Seven marathons on seven continents in seven days for Irish runner

An Irish ultra distance runner today became the first athlete to crack the world’s ultimate endurance race – seven marathons on seven continents in seven days.

An Irish ultra distance runner today became the first athlete to crack the world’s ultimate endurance race – seven marathons on seven continents in seven days.

Richard Donovan began the epic challenge at minus 20C (-4F) in Antarctica on January 31 before battling snowstorms in London and the searing heat of Dubai and Chile to run 183 miles (295km) and fly 26,719 miles (43,000km).

The ambitious 42-year-old, who today completed the unique round-the-world race to raise awareness of the war-torn Darfur region of Sudan, is already thinking of his next challenge and the final frontier in ultra-running.

“I’ve no certain plans, but always had the idea of running across the continent of Antarctica rather than just small sections of it in races,” the Galway man said.

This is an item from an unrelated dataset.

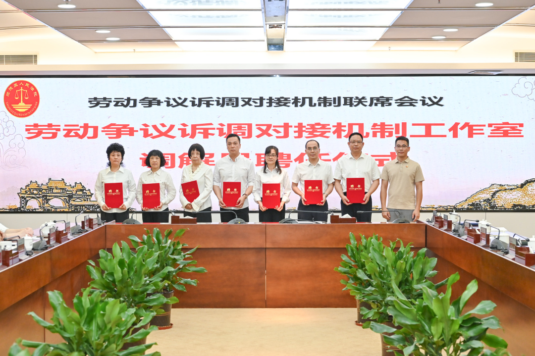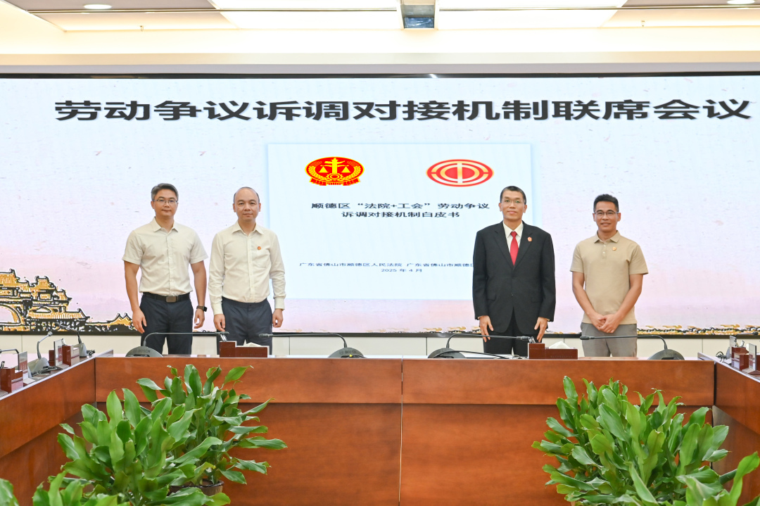 在“五一”国际劳动节即将到来之际,4月21日,佛山市顺德区人民法院、佛山市顺德区总工会、佛山市顺德区民政和人力资源社会保障局联合召开劳动争议诉调对接机制联席会议。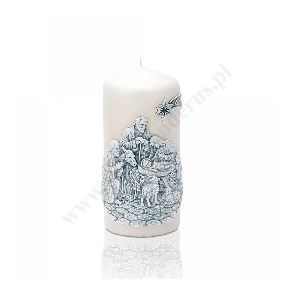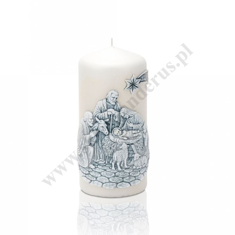 Świeca bożonarodzeniowa z aplikacją Świętej Rodziny o wysokości 12 cm i średnicy 6 cm.

“It would take a big sponsor though, which probably isn’t realistic in today’s economic climate.

“I’ve run at both poles, and in deserts, mountains, jungle and various other terrain and climatic conditions. I think the Antarctic challenge is the last frontier.”

Donovan used the endurance race to promote Irish charity Goal’s repeated calls for international peacekeepers to be sent in to Darfur.

“Richard has done something truly remarkable,” Goal’s John O’Shea said.

“Not only has he set a record that will not be easily beaten but he has also brought much needed attention to the ongoing tragedy in Darfur.

“Everyone in Goal thanks him for his efforts to raise awareness of this humanitarian catastrophe and congratulates him on his new record.”

Donovan began in Antarctica in temperatures as low as minus 20C (minus 4F) on January 31 before flying through a snowstorm to Cape Town, on to the searing heat of Dubai, the snow in London and Toronto, before battling 32C (90F) in Santiago in Chile and a similar heatwave in Sydney.

He completed it in five days, 10 hours and eight minutes.

The biggest worry came on the first day as conditions closed in on the Russian Novo air base, sparking fears that his plane would be grounded.

“It would have meant I would have had to run the marathon again the following day in order to do everything in under seven days,” Donovan said.

“That marathon was not something I’d want to run again.”

The entire race was tracked on GPS with Donovan monitored at every location to verify the 26.2 miles (42.2km) distance was completed each time.

Donovan, who is well used to extreme endurance running, suffered badly as temperatures soared and plummeted within hours. The difference between Antarctica and Cape Town was 43 degrees.

“By the time I got off the plane in Dubai – and into another hot environment - I was suffering a bit and got sick during the marathon,” he said.

“I then had to rush to London and run through the snowstorm after midnight. It was tough... and then the plane was lucky to get away to Toronto.”

In 2002, Donovan became the first athlete in the world to run a marathon at both the North and South Poles. He has also won the Inca Trail Marathon, the Everest Challenge Marathon and the Himalayan 100-Mile Stage Race.